Quand on ne reconnaît pas sa propre histoire et sa propre culture et que l'on s'évertue à aller en chercher d'autres par ailleurs, on ne peut récolter que les effets des dérives que l'on sème à tout vent et que nous encaissons à l'heure actuelle. Sinon pourquoi tant de jeunes gens s'aventureraient à se jeter en mer pour quêter ailleurs ce qui existe chez eux au risque de se faire réduire en moignons par des poissons carnassiers au milieu de cette mer Méditerranée qui était jadis un bassin de brassage des cultures ? Quant à notre ami historien tunisien, il aura plutôt beaucoup à gagner en s'inspirant et en s'abreuvant largement de l'objectivité, la sagesse et la rationalité de ses aînés Mansour Ghaki et M'hamed Hassine Fantar que de s'investir dans des artifices linguistiques fallacieux qui risquent d'embrouiller davantage les jeunes générations que de les éclairer. Enfin, puisqu'il s'agit d'Apulée de Madaure, cette histoire ne va pas sans nous rappeler la célèbre parabole des trois métamorphoses de l'esprit empruntée à l'œuvre philosophique de Nietzsche. Ainsi parlait Zarathoustra : comment l'esprit devient chameau, comment le chameau devient lion et comment, enfin, le lion devient enfant... Le chameau chargé de nos valeurs millénaires a affronté les affres du désert et du néant dans lesquels ont été enlisées des générations entières, pour devenir tout de même lion... Lequel lion lutta âprement pour détruire les colonnes extraverties des châteaux de l'artificialité dont ont été enveloppées ces générations pour créer de nouvelles valeurs et les débarrasser de ce ressentiment de faibles et de résignés pour devenir enfant, symbole du commencement d'une affirmation saine qui ouvrira peut-être les voies porteuses à ce pays qui se cherche encore ! Mais ces générations ont besoin de lumière et de liberté. Comme l'a dit Socrate, plus les hommes seront éclairés, plus ils seront libres. Lumière et liberté sont en effet les vecteurs porteurs de l'intelligence et du développement.

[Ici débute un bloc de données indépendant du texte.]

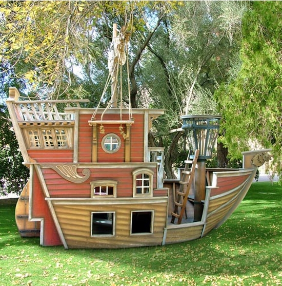 酷吧?接下來,還有「紅鬍子船長海盜船」,這個是一套已經是比大人身高還高、給美國人安裝在後院的遊戲組,小朋友可以爬進去,有甲板,有船艙,還有瞭望臺,整個就像一個小小的房子,還有好像可以張開的巨大的風帆,整台船隻以木板打造,幾可亂真,爬上去可能真的可過過當海盜船長的癮,這個產品可以依您的需求量身訂造,一艘造價5萬2千美元(170萬台幣),這筆錢是還不夠買一艘真正可在海裡跑的大船,但買一台高級車,已經足足有餘。

Engeôler des générations innocentes dans l'hermétisme d'une artificialité historique et identitaire sous-tendant une idéologie importée aux antipodes de notre génome sociétal et culturel, c'est détruire à jamais la matrice saine garante de l'avenir d'une nation en formalisation.
I. A. Z.
(*) En traduction littérale et juxtalinéaire : «Voyez ce que fait le vide lorsqu'il prend place dans la connaissance !» En traduction libre : «Méditez ! Qu'adviendra-t-il le jour où l'ignorance s'enracinera dans les espaces du savoir ?» Lounis Aït Menguellet, poète et chanteur.